▶ What the task asks:
Taking only the lines of the data below from the line with "Konstrukcja i wnętrze" to the line with "Terletak di Urban", ends included, write them out exactly and without pictures.

▶ Data shown:
------------------------------------------------------------------------

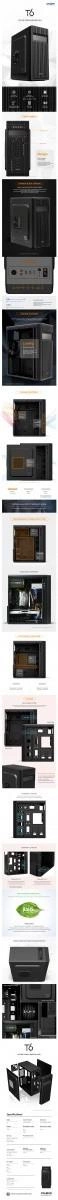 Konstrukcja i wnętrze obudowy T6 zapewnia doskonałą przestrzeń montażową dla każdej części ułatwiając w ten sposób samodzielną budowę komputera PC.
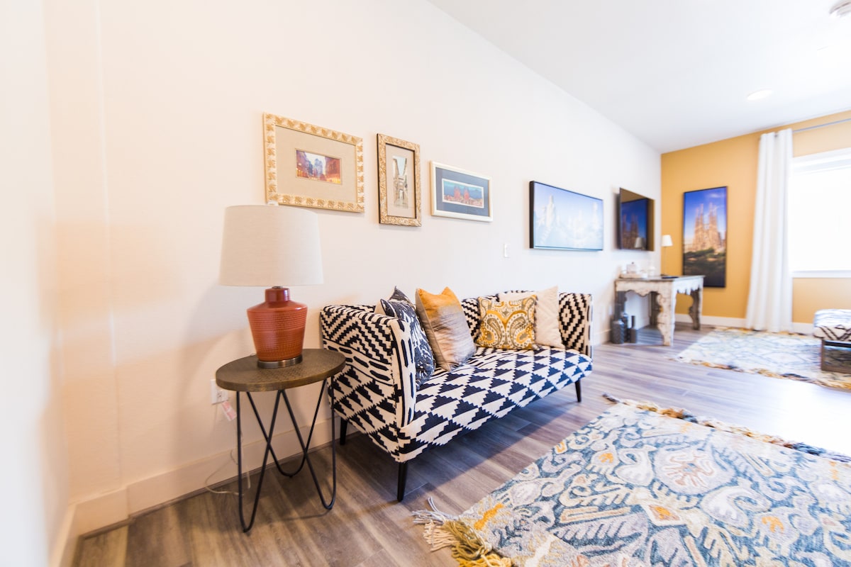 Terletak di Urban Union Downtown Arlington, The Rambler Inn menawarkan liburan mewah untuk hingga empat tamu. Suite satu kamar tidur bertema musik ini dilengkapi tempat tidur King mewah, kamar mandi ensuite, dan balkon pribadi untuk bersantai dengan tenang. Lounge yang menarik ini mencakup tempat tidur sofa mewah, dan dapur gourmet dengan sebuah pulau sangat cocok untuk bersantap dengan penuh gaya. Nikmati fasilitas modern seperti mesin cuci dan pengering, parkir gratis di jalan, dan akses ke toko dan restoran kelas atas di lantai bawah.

------------------------------------------------------------------------

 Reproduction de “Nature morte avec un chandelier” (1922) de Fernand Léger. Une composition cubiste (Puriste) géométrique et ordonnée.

------------------------------------------------------------------------

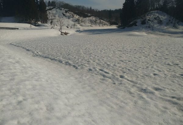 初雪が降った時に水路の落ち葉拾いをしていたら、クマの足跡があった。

------------------------------------------------------------------------

▶ Answer below:
 Konstrukcja i wnętrze obudowy T6 zapewnia doskonałą przestrzeń montażową dla każdej części ułatwiając w ten sposób samodzielną budowę komputera PC.
 Terletak di Urban Union Downtown Arlington, The Rambler Inn menawarkan liburan mewah untuk hingga empat tamu. Suite satu kamar tidur bertema musik ini dilengkapi tempat tidur King mewah, kamar mandi ensuite, dan balkon pribadi untuk bersantai dengan tenang. Lounge yang menarik ini mencakup tempat tidur sofa mewah, dan dapur gourmet dengan sebuah pulau sangat cocok untuk bersantap dengan penuh gaya. Nikmati fasilitas modern seperti mesin cuci dan pengering, parkir gratis di jalan, dan akses ke toko dan restoran kelas atas di lantai bawah.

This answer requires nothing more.